Heretics Anonymous is billed as The Breakfast Club meets Saved! but that is giving it too much credit. That isn’t to say Heretics is disappointing, I enjoyed it immensely, but it is a pretty straightforward YA novel. There is your standard love story, although our heroine longing to be a Catholic priest when she grows up is a bit of a twist, and the well worn struggle of a son who doesn’t get along with his mostly absent father.
Michael’s family has moved for the fourth time in ten years. Despite being an atheist Michael is enrolled at St Clare’s, a private catholic school, where he is awestruck by the outspoken Lucy during their history class. Lucy introduces Michael to her friends and their secret society- Heretics Anonymous. There is Avi, a gay Jewish boy; Eden, a pagan; and Max, a Unitarian who wants to be allowed to wear a cape with his school uniform. And then there is Lucy; a devout Catholic whose life ambition is to be a priest despite it being an impossibility for a woman.
“A heretic is someone who has belief, but not the right kind. At least according to the Catholic Church. A heretic might believe in God, but some of the other things she believes don’t match up with the party line.”
Lucy is Catholic the way Fitzgerald Grant was a Republican on Scandal. She is devoutly religious, yes, but the author clearly wants the audience to like her so she is supportive of gay marriage, the right to choose and other aspects people find off-putting about the Catholic Church. It is a bit of a “having your cake and eating it too” approach to character development but I’ve come to expect that in YA.
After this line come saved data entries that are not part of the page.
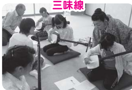
はじめて三味線にさわったよ!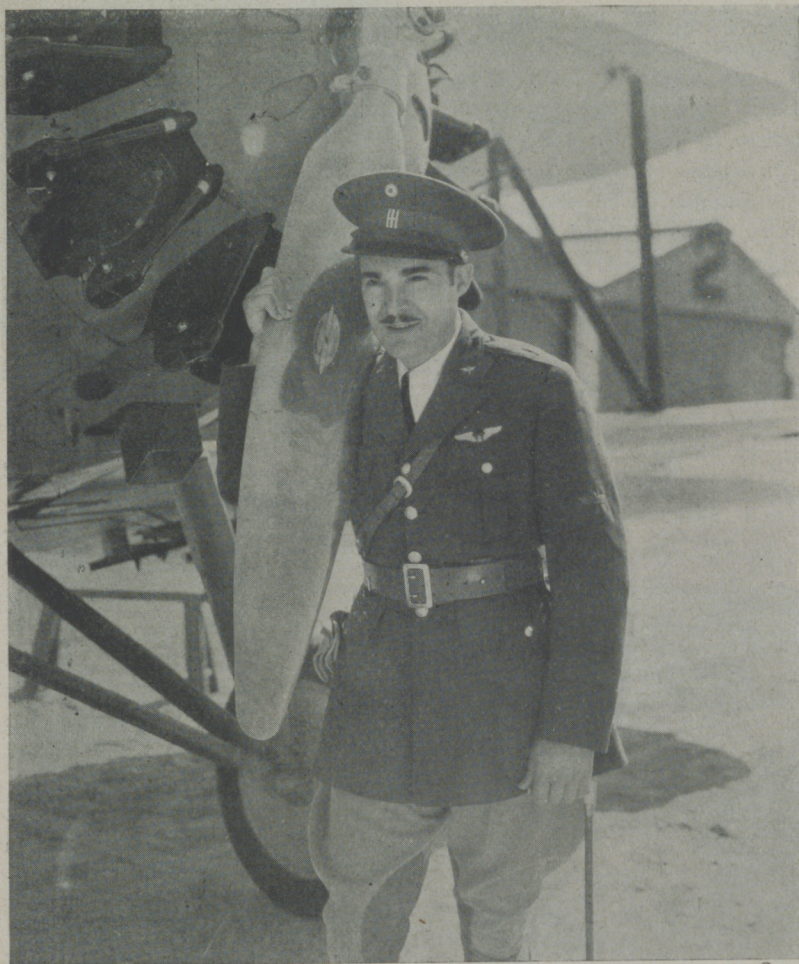
RAMON PEREDA , protagonista y director de "El vuelo de la muerte", gran película mejicana que distribuye Cifesa

Ramón Pereda, el artista español de recio acento castellano, el hombre lleno de inquietudes artísticas, ha conseguido realizar una de sus más grandes ilusiones, llevando a la pantalla un drama viril, lleno de emociones en honor de la gloriosa tragedia de la aviación hispana. Por vez primera, los estudios de Méjico, puestos a disposición de Pereda nos envían una obra en que la aviación del país, toma parte activa en la película, y aunque no es una obra esencialmente de aviación, contiene no obstante un drama intenso, profundo, donde el gran actor demuestra las excelencias de su temperamento.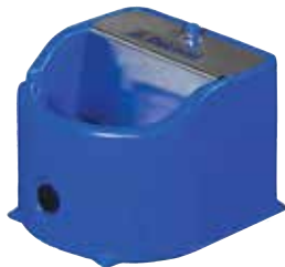
LÄMMITETTÄVÄ JUOMA-ALLAS PT11

Pitää juomaveden sulana jopa -30 °C asteessa. Sisältää muuntajan, sekä 2 m heikkovirtajohdon muuntajalta astialle.

Their club is mostly harmless although with Michael’s joining they go a bit more public. They make some edits to the sex education anti-choice video being shown one day during an assembly and publish a challenge to the dress code in the school paper. Essentially Heretics Anonymous is just a place for the five of them to spend time together discussing their various ideals but it also gives Michael a place to call home after so many relocations. Things change after a teacher is fired for violating the school’s mortality clause by marrying her longtime girlfriend and Michael comes up with a plan the other Heretics disagree with.
There is also a typically angsty subplot involving Michael’s tenuous relationship with his father, a man largely absent from his life despite being the architect of the many moves the family has made over the years. Michael also has a hyper intelligent younger sister who fills the “precocious tweenager” role so many books and movies employ lately.